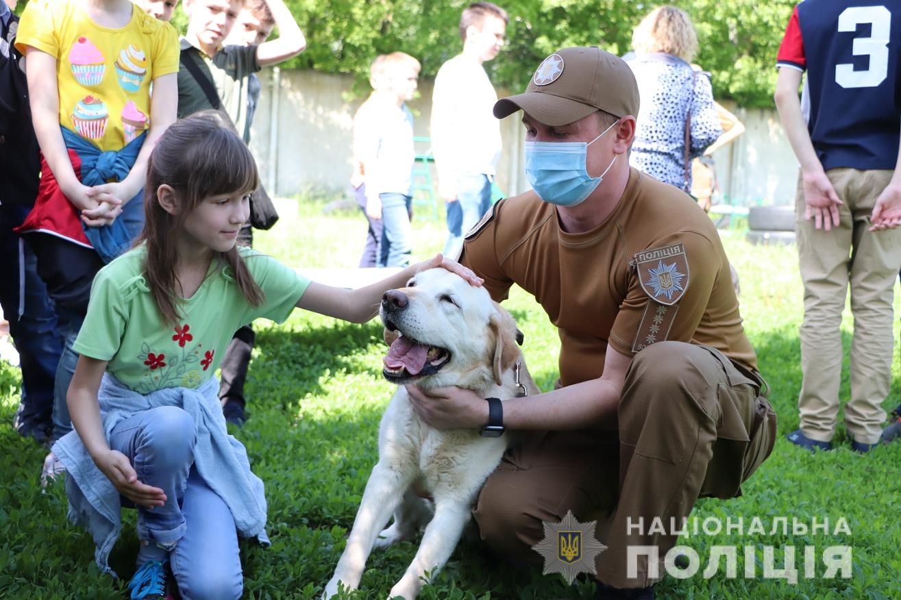 Наприкінці зустрічі діти поспілкувалися з лабрадором Кейсою та німецькою вівчаркою Коброю, пограли з ними, пригостили смаколиками і сфотографувалися на пам'ять.
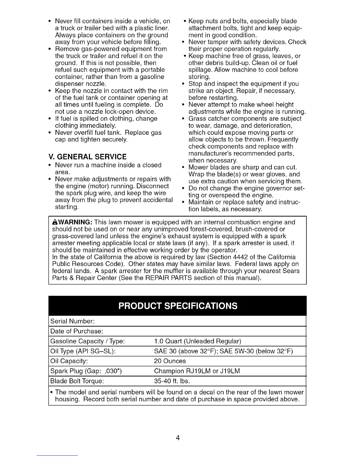 federal lands. A spark arrester for the muffler is available through your nearest Sears
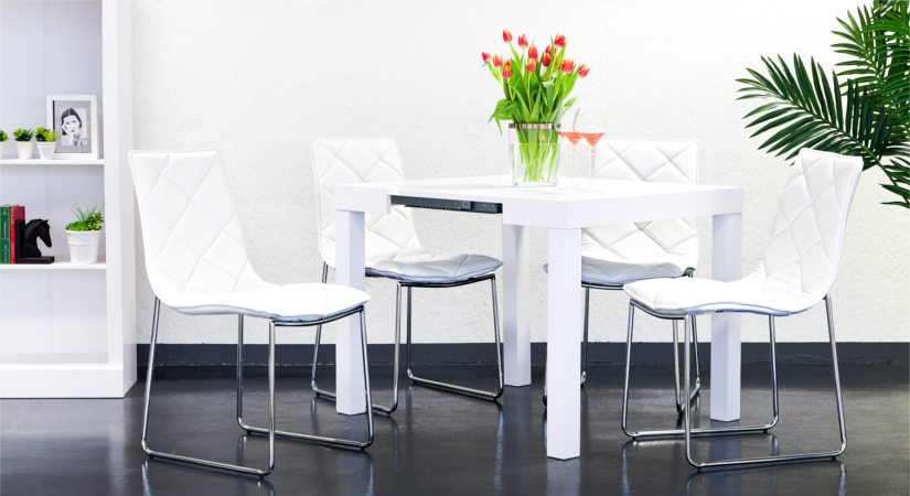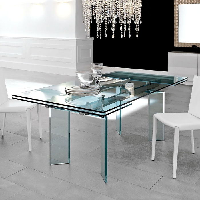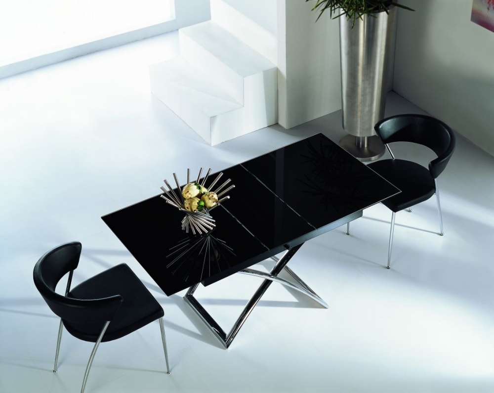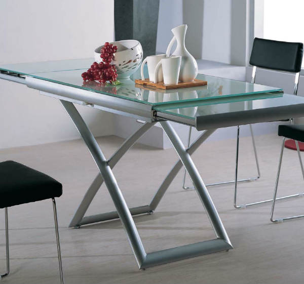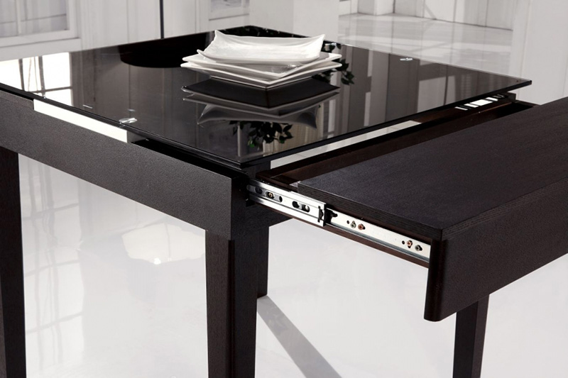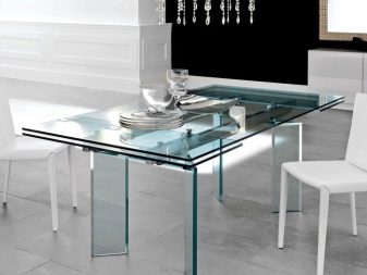 Die häufigste Option waren Glastabellen, die geändert werden können. Aufgrund ihrer Transparenz und der Möglichkeiten des Materials fügen sie sich organisch in das Design jeder Küche ein, von klassisch bis modern. Das Produkt sieht einfach, anspruchsvoll, stilvoll aus.

> _Work request_
Pictures stay out; output the lines from the top of the listing above through the line containing "federal lands. A", exactly as they stand.

> _Reply to the task_
 Наприкінці зустрічі діти поспілкувалися з лабрадором Кейсою та німецькою вівчаркою Коброю, пограли з ними, пригостили смаколиками і сфотографувалися на пам'ять.
 federal lands. A spark arrester for the muffler is available through your nearest Sears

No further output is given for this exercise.